> **What you will do**: The answer must give back every line of the data exactly, with no pictures.

> **Provided entries**:

***

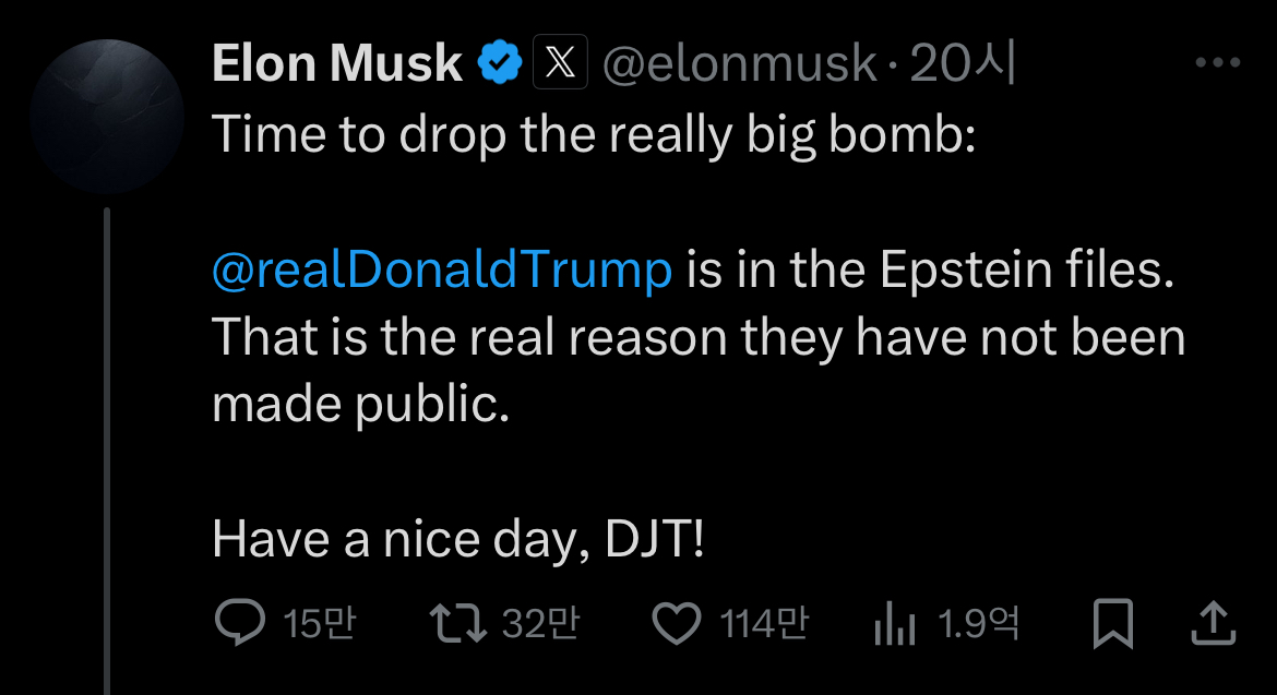 그리고 결정적으로, 머스크는 한 유저가 올린 "Trump should be impeached"라는 글에 ‘YES’로 반응하며 정치적 결별을 공식화했습니다.
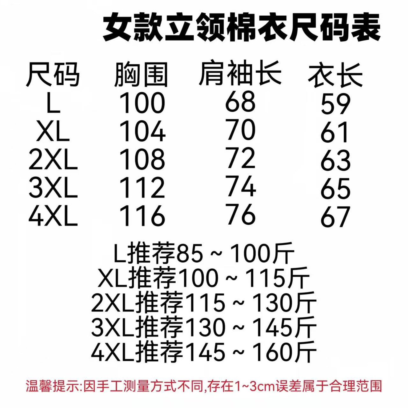尺码 L 4XL 图九尺码表
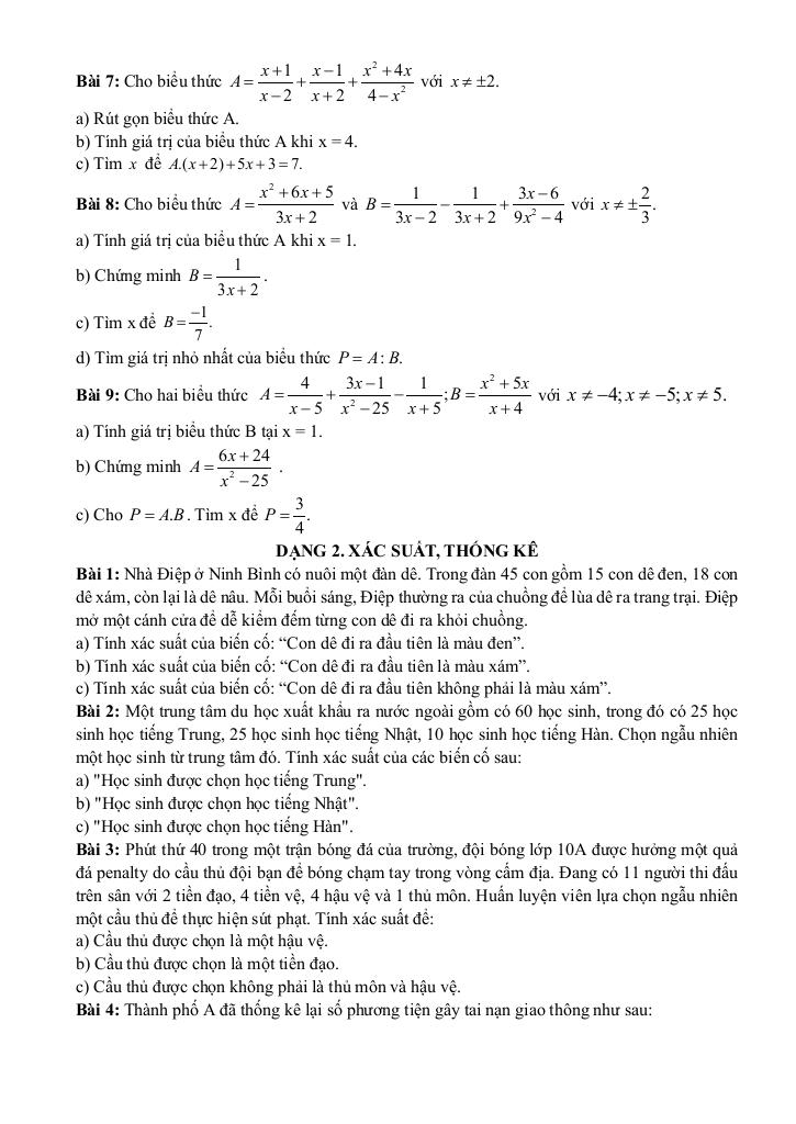 Dạng 2. Xác suất, thống kê.
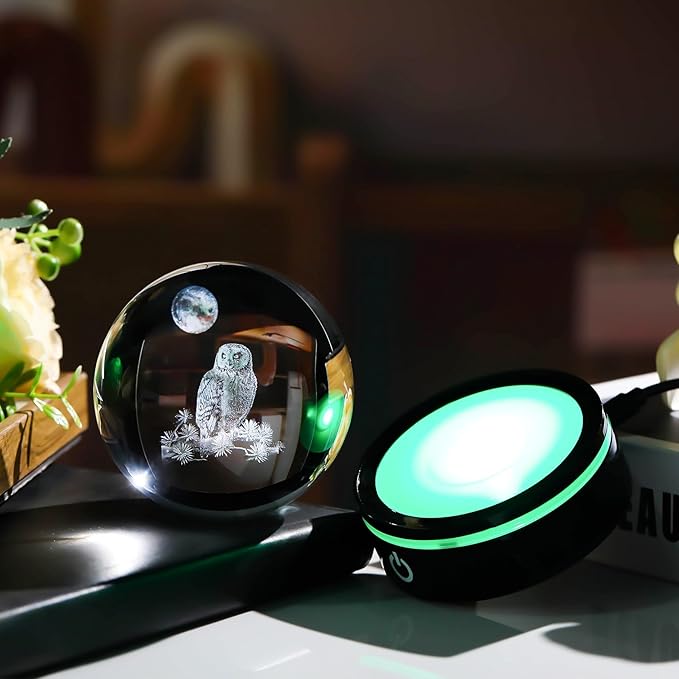 YWHL 3D Owl Figurine Crystal Ball With Colorful Light Base, Gifts for Women Men Lovers on Christmas Birthday, Laser Engraved Sphere Glass Ball for Home Office Decoration (80mm)
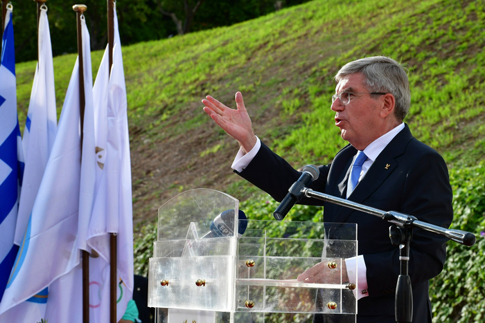 国际奥委会主席巴赫在北京冬奥会火种采集仪式上致辞。
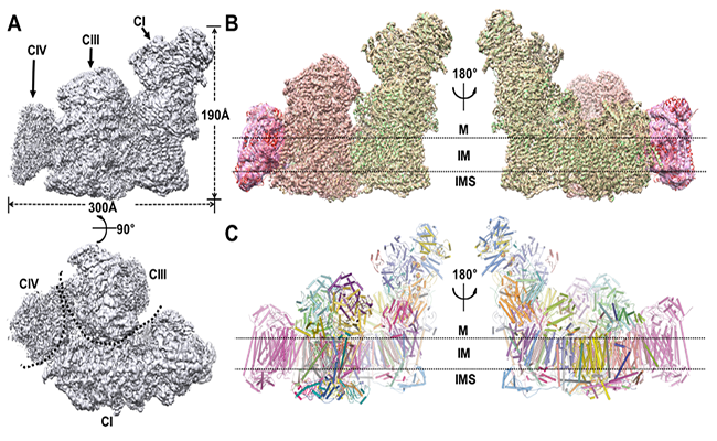 Respiration is one of the most fundamental biological process in all living organisms. Dysfunction of mitochondrial respiratory chain complexes generates reactive oxygen or nitrogen species, and this type of dysfunction is implicated in many human diseases1–3, including Alzheimer’s and Parkinson’s diseases, multiple sclerosis, Friedreich’s ataxia and amyotrophic lateral sclerosis. As such the respiratory chain is always a topic in structural biology research. Structural study of respiratory supercomplexes could be traced back to the year of 2005, when Dudkina determined the first structure of SCI1III2 purified from Arabidopsis thaliana at a resolution of 18 angstrom. Then in 2007, Jesco provided a structural model of SCIII2IV1-2 from yeast mitochondria at a resolution of 15 angstrom. Several years later, two groups independently reported the structure of SCI1III2IV1 from bovine heart at the resolution of 22 angstrom and 19 angstrom respectively in 2011. Finally Professor Yang’s group was able to push the resolution to 3.6 angstrom. (Figure 2)
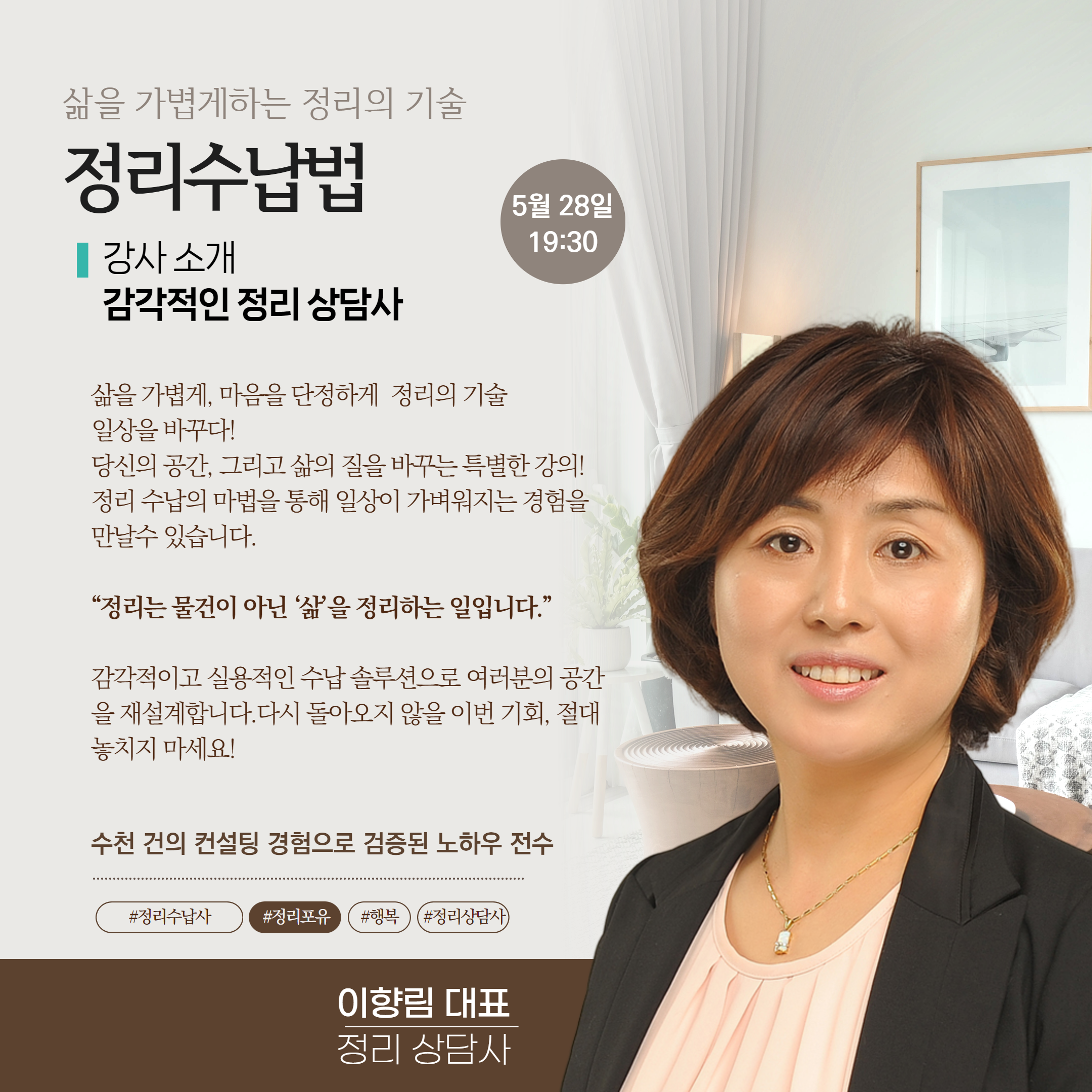 “정리수납법: 생활과 마음 챙김”/  5월 28일(수) 19:30
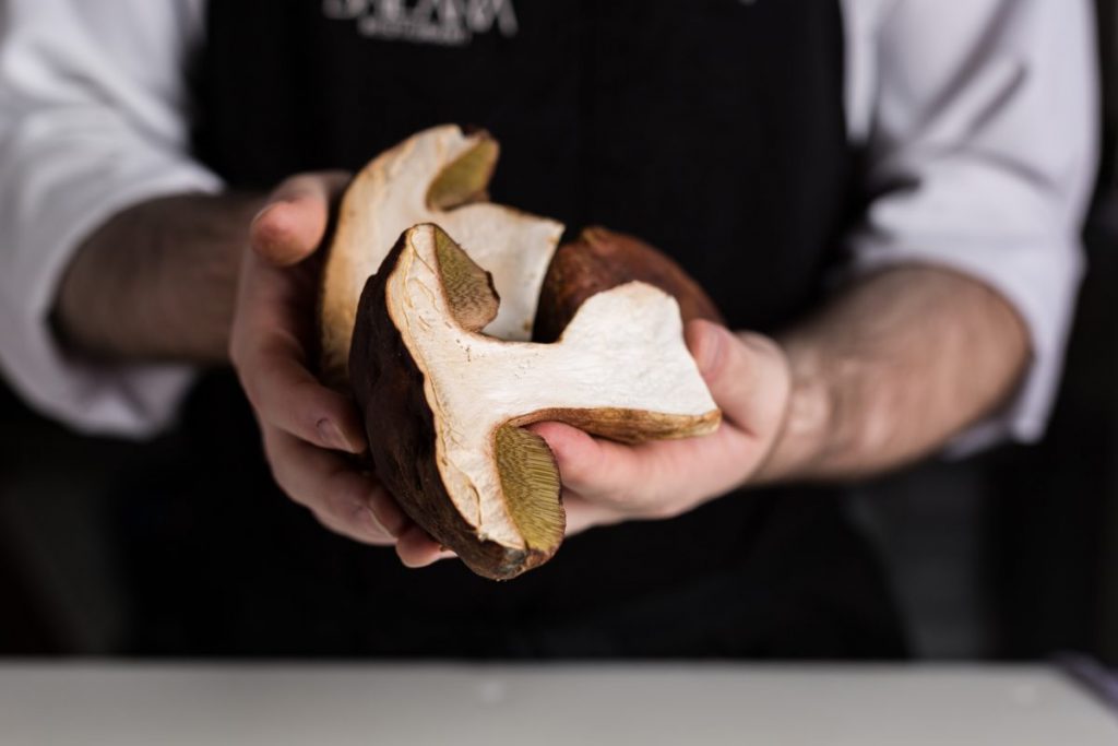 Para preparar la receta de hongos confitados con guisantes, empezamos limpiando los hongos de tierra con ayuda de un trapo húmedo. Después, cortamos los hongos en trozos iguales y los envasamos con el tomillo, el ajo y el aceite.

***

> **Exercise answer**:
 그리고 결정적으로, 머스크는 한 유저가 올린 "Trump should be impeached"라는 글에 ‘YES’로 반응하며 정치적 결별을 공식화했습니다.
尺码 L 4XL 图九尺码表
 Dạng 2. Xác suất, thống kê.
 YWHL 3D Owl Figurine Crystal Ball With Colorful Light Base, Gifts for Women Men Lovers on Christmas Birthday, Laser Engraved Sphere Glass Ball for Home Office Decoration (80mm)
 国际奥委会主席巴赫在北京冬奥会火种采集仪式上致辞。
 Respiration is one of the most fundamental biological process in all living organisms. Dysfunction of mitochondrial respiratory chain complexes generates reactive oxygen or nitrogen species, and this type of dysfunction is implicated in many human diseases1–3, including Alzheimer’s and Parkinson’s diseases, multiple sclerosis, Friedreich’s ataxia and amyotrophic lateral sclerosis. As such the respiratory chain is always a topic in structural biology research. Structural study of respiratory supercomplexes could be traced back to the year of 2005, when Dudkina determined the first structure of SCI1III2 purified from Arabidopsis thaliana at a resolution of 18 angstrom. Then in 2007, Jesco provided a structural model of SCIII2IV1-2 from yeast mitochondria at a resolution of 15 angstrom. Several years later, two groups independently reported the structure of SCI1III2IV1 from bovine heart at the resolution of 22 angstrom and 19 angstrom respectively in 2011. Finally Professor Yang’s group was able to push the resolution to 3.6 angstrom. (Figure 2)
 “정리수납법: 생활과 마음 챙김”/  5월 28일(수) 19:30
 Para preparar la receta de hongos confitados con guisantes, empezamos limpiando los hongos de tierra con ayuda de un trapo húmedo. Después, cortamos los hongos en trozos iguales y los envasamos con el tomillo, el ajo y el aceite.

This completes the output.